To make matters worse, as the general public has become increasingly apathetic about military spending, the few with special interests have grown increasingly powerful. Over the past half century, as the costs of the U.S. military were distributed, the benefits were concentrated in the military-industrial complex. The Cold War distributed military production facilities and bases across the nation. Regions developed economic interests in military spending and elected Congressmen who joined defense committees. These interests do not dissipate just because threats do. As in other policy areas, a minority with strong and generally mutual interests rules over the less involved majority.

Still, resource competition does manage to contain military spending. Otherwise it would take a lot more than 4 percent of GDP.

Three factors now interact to restrain military spending. The first is debt. Publicly-held debt now exceeds $14 trillion or 77 percent of GDP. The Congressional Budget Office (CBO) estimates that under current law, those totals will grow to $23 trillion and 89 percent in the next decade. Second, Republicans broadly refuse to raise taxes. Almost all Congressional Republicans have signed the Americans for Tax Reform’s pledge— a commitment to oppose all tax increases. Third, Democrats, and now perhaps a Republican president, protect entitlement spending from cuts.

Trump’s budget tries to avoid adding to the debt by cutting domestic spending. The State Department and the Environmental Protection Agency, for instance, would see the heaviest cuts by percentage. But the breadth of cuts to domestic programs makes it easy for Democrats to vote against it, dooming the budget in the Senate, where it needs 60 votes and thus Democratic support. Many Republicans are similarly inclined though, if only because they want entitlements to share the pain. All presidential budgets are just initial offers to Congress, of course, but this one is so superficial and impolitic that it is unlikely to serve even as a starting point.

U.S. defense spending is more than double what Russia, China, Iran, and North Korea collectively spend on their militaries.

These factors suggest that later this year, perhaps after considerable drama, Congress will strike a budget deal like recent ones. That means providing ten or twenty billion dollars of cap relief for defense matched by an increase to non-defense discretionary spending—all of which will be funded, of course, by dubious future savings. Separately, Congress will probably provide the Pentagon with the $65 billion Trump is requesting for wars, which does not count against the spending cap. Most of that actually goes to non-war Pentagon uses.
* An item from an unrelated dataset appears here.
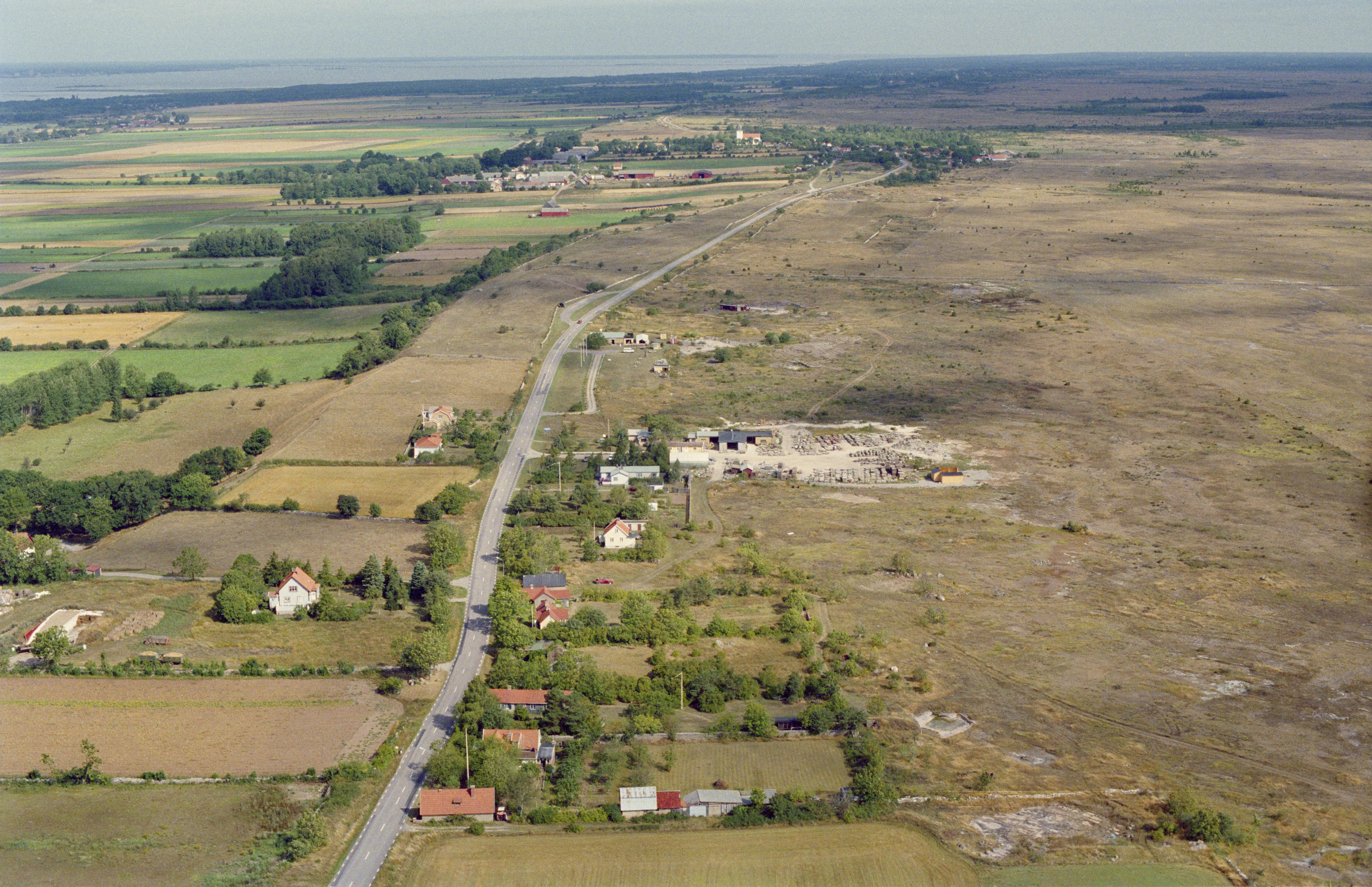 Beskrivning: Alvaret. Reso kyrkby. Resmo kyrka i bildens övre del. Bilden är tagen mot (väderstreck): N

That would leave the Pentagon well short of Trump’s request of $668 billion for defense, including the war funds.

But Trump would still likely sign that sort of deal. Vetoing it would be politically dicey, while signing it allows him to brag about his deal-making. Plus, his concern with deficits is so shallow—his budget plan, for instance, calls the debt a “crisis,” but aims only to hold it steady—that it is no obstacle.

Indeed, it is hard to identify the tipping point when politicians, even those more economically responsible than Trump, start sacrificing programs they favor to cut debt. A common problem fuels deficits, after all: They may trouble politicians’ consciences, but in the short term, they serve constituents. Elected leaders, in that sense, recite a fiscal version of the prayer Augustine ascribes to his younger self: “Lord make me chaste, but not yet.”

And so military spending will probably grow again this year, hobbled by deficits, sustained by special interests and justified by shoddy arguments. The obvious costs are lost opportunities to spend more fruitfully and the economic consequences of debt. But a less obvious problem with excessive military spending is that it underwrites aggressive ambitions, such as wars in seven countries and commitments around the world that carry needless risk.

For decades we have enhanced presidential powers to make war quickly, or even whimsically. The culprit is not just Congress’ abdication of its powers but military largesse. The Pentagon budget, especially the portion that funds endless wars, is like a gift card for military adventures that presidents get annually. Those traditionally unbothered by that might reconsider given who the president is.